NMR fast field cycling techniques measure the relaxation time of protons, the dispersion profiles, after a sequence of magnetic cycles in a magnetic field. Depending on the strength of the magnetic field, different proton conditions can be probed.

In this study, the team used an adapted NMR instrument, which switches between different field strengths, for data acquisition on tumors in animal models.

Later monitoring the kinetics of the curves, the researchers classified three underlying forms:

  1. Quiet water exchange flow
  2. fast replacement
  3. A between exchange rate with contributions from both intra and extracellular sections.

An active exchange shows a high metabolic flow and thus a high action of the tumor cell.
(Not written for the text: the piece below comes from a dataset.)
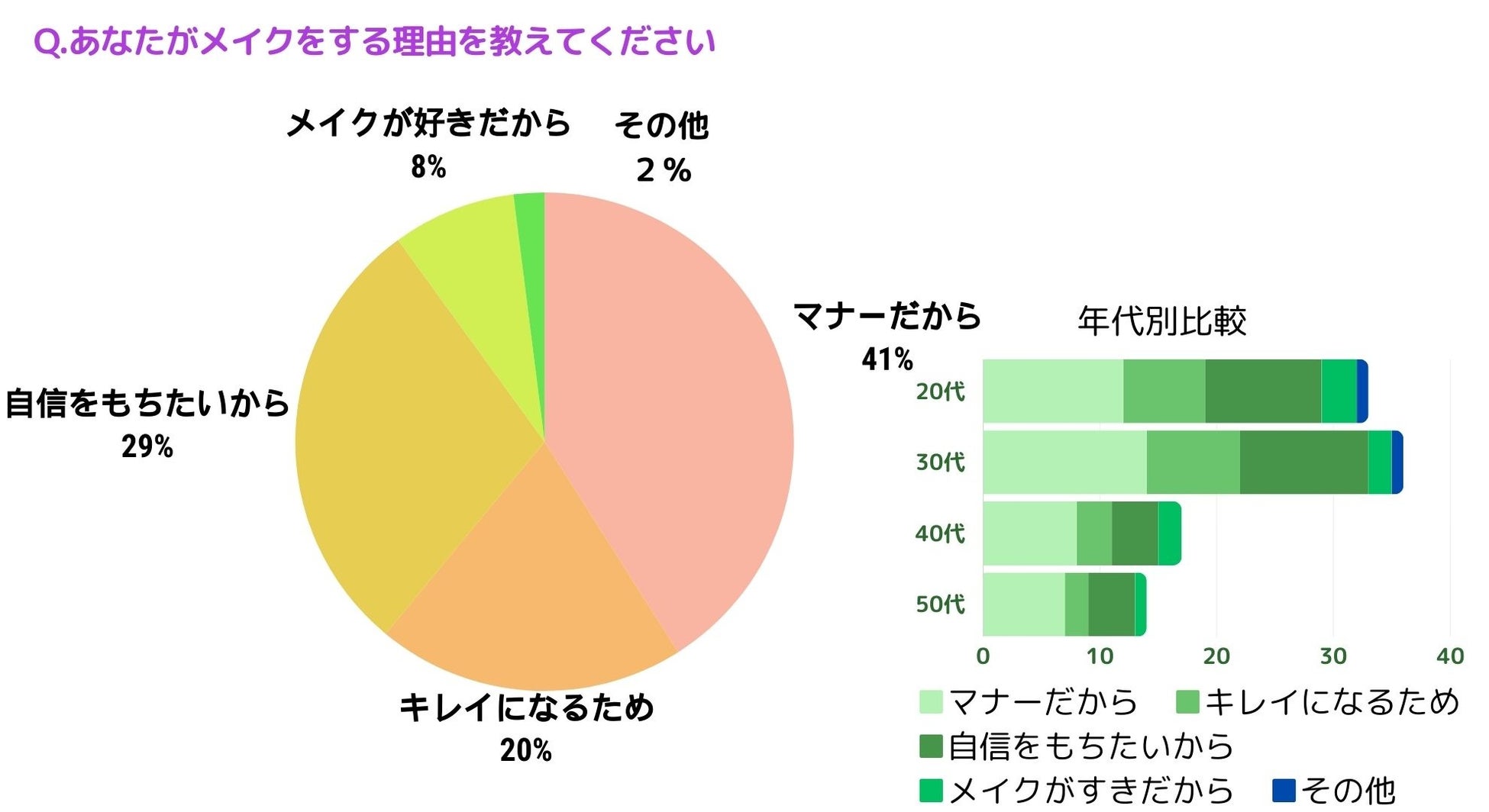 メイクをする理由をお尋ねしたところ、「マナーだから(41%)」、「キレイになるため(20%)」、「自信をもちたいから(29%)」、「メイクが好きだから(8%)」、「その他(2%)」という結果になりました。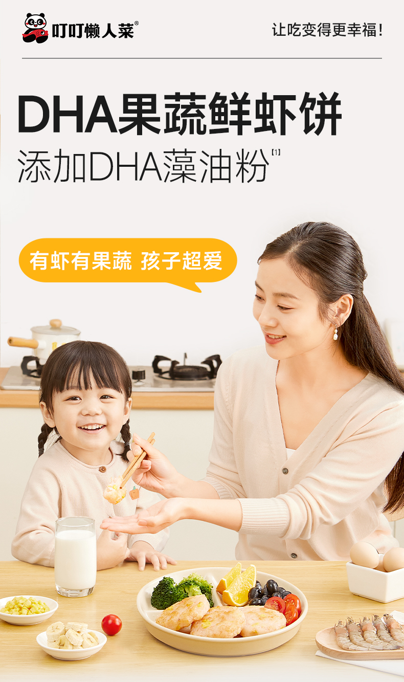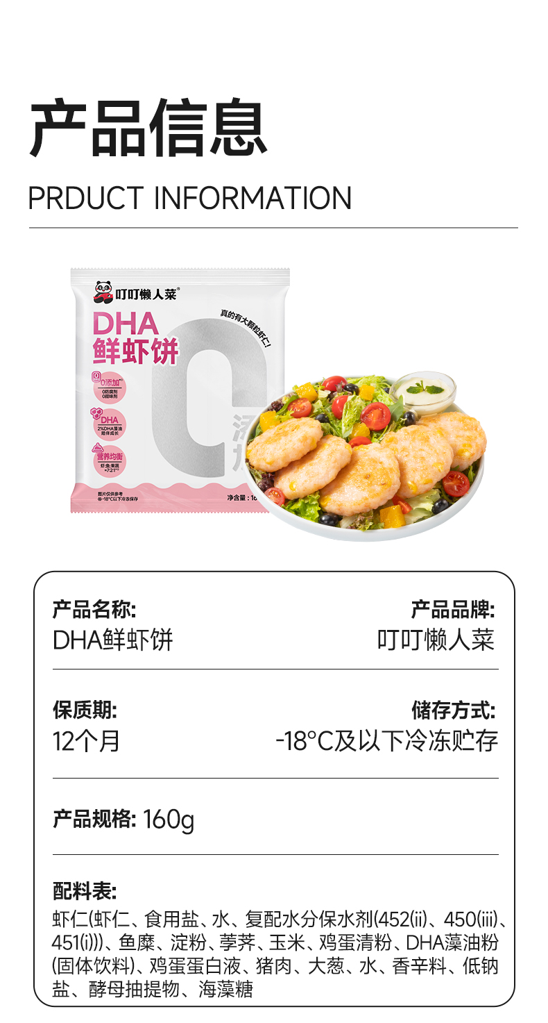 【叮叮懒人菜】 DHA果蔬鲜虾饼160g/包 大虾配果蔬 营养早餐很美味

This enhanced metabolic action is essential for aggressive and very extremely metastatic tumor cells. The tumor cells reduce their high metabolic pressure by an enhanced water exchange with the surface of the cell. This parameter is now directly obtainable with this method, as the experts have proved.

The specialists describe the process as “a possibility for new diagnostic opportunities in oncology.”

Sensor for the most important human cancer gene

Cancer sensor (002)

The molecular mechanisms indicator performs being a TP53 sensor.TP53 sensor control and regulate the proper human genome functioning. A non-functional TP53 gene will start the sensor, which initiates the cell destruction. Cancer is produced by variations and mutation in the human genome. A mutation is the alteration of the nucleotide sequence of the genome of an organism or different genetic components

Mutations in oncogenes and tumor suppressor genes start to uncontrolled cell growth and proliferation.

In 60% of all human tumors, the TP53 tumor suppressor gene is no longer functional, being the most frequently mutated cancer gene. Scientists concluded that the formation of a TP53 sensor could remove the tumor formation.

To achieve this, they designed a genetic element that makes cell function dependent on normal TP53. If the TP53 function is interrupted, the sensor is activated and triggers cell death. We treat cancer cells long after the transformation process, so therapy is often too late to eliminate all the cancer cells in the body and, because of additional mutations, therapy-resistant clones emerge quickly. some cancer cells.

The TP53 sensor provides for the initial time active beginning stages of mediation. Our conclusions determine that cells with TP53 mutations can be selectively identified and recognized, so we can easily eliminated at an initial stage. Consequently, the transformation method is stopped. The researchers propose to use their primary findings to generate new cancer diagnoses and found a method of protection against -term cancer mutations.